WHAT YOU SHOULD DO :: Your copy of the entries must be exact, and it must not include the pictures.

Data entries

····················

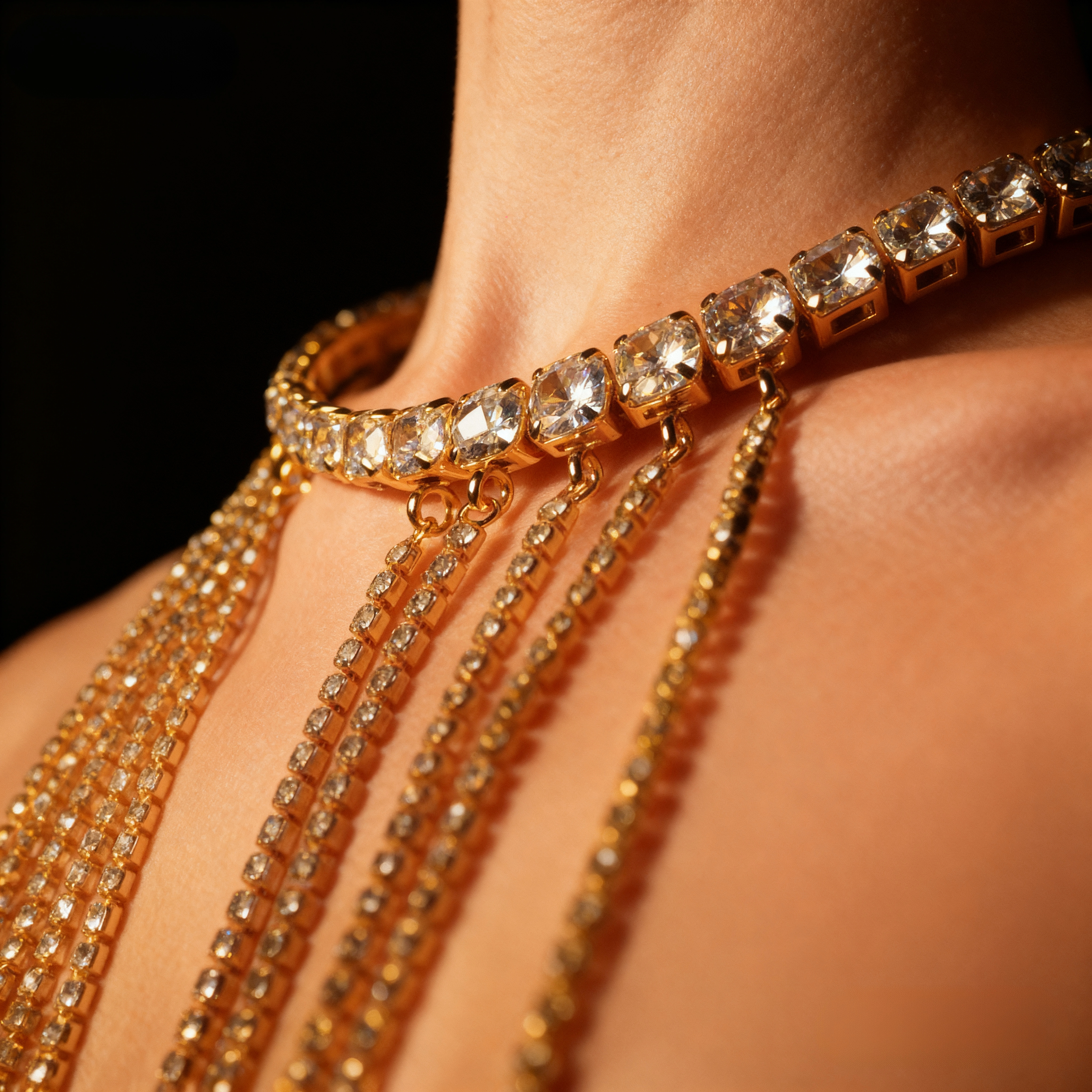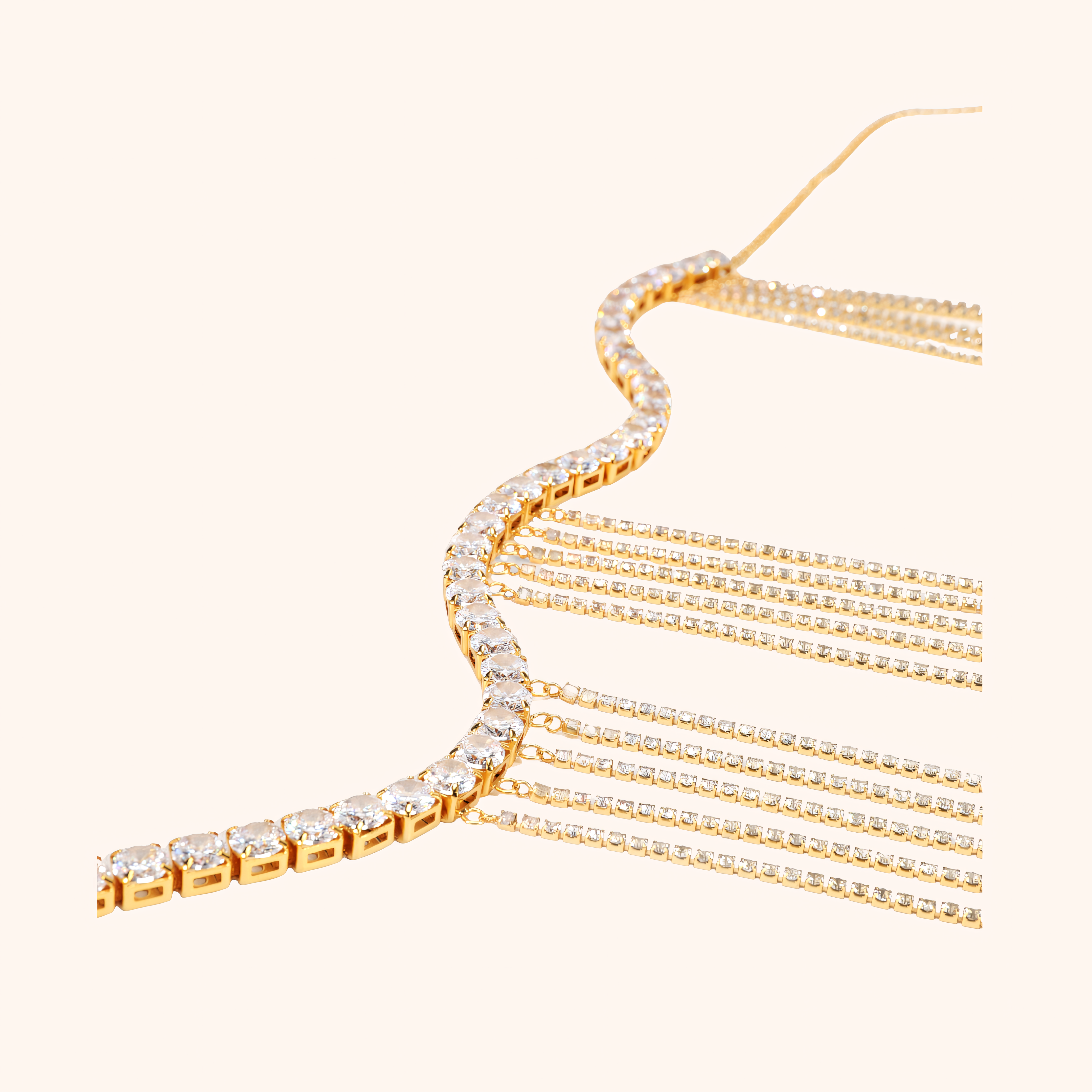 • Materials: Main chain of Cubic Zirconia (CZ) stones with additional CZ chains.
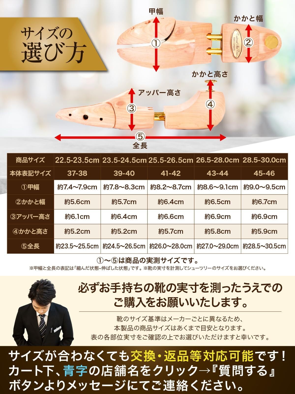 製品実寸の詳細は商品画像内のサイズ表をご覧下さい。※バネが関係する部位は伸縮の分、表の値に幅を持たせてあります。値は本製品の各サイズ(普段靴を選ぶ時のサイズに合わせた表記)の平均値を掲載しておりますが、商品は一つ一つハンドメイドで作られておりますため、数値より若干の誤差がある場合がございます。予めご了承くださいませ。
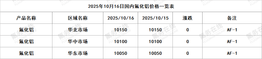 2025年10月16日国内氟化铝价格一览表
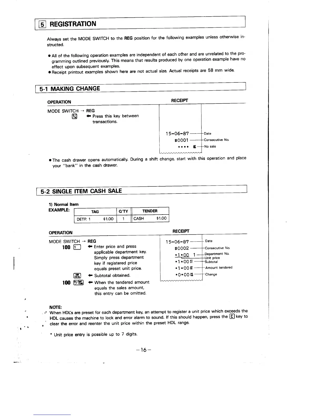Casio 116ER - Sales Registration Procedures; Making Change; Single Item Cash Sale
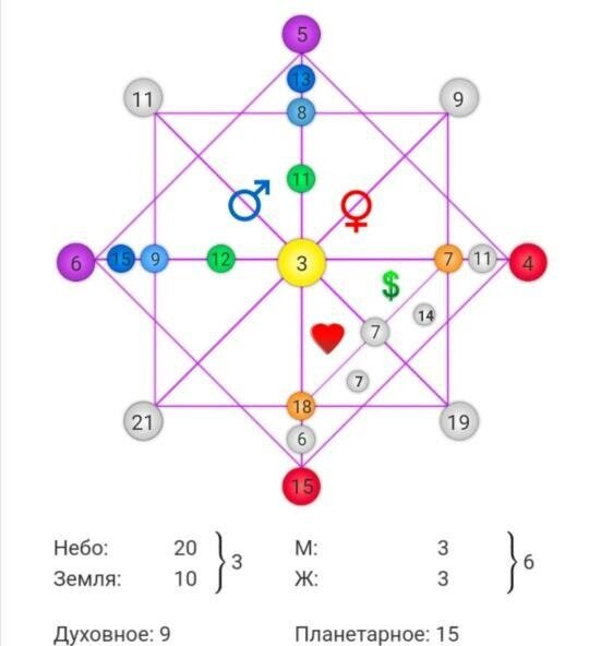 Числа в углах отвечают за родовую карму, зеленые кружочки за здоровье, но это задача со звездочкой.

····················

RESPONSE TO THIS EXERCISE ::
 • Materials: Main chain of Cubic Zirconia (CZ) stones with additional CZ chains.
 製品実寸の詳細は商品画像内のサイズ表をご覧下さい。※バネが関係する部位は伸縮の分、表の値に幅を持たせてあります。値は本製品の各サイズ(普段靴を選ぶ時のサイズに合わせた表記)の平均値を掲載しておりますが、商品は一つ一つハンドメイドで作られておりますため、数値より若干の誤差がある場合がございます。予めご了承くださいませ。
 2025年10月16日国内氟化铝价格一览表
Casio 116ER - Sales Registration Procedures; Making Change; Single Item Cash Sale
 Числа в углах отвечают за родовую карму, зеленые кружочки за здоровье, но это задача со звездочкой.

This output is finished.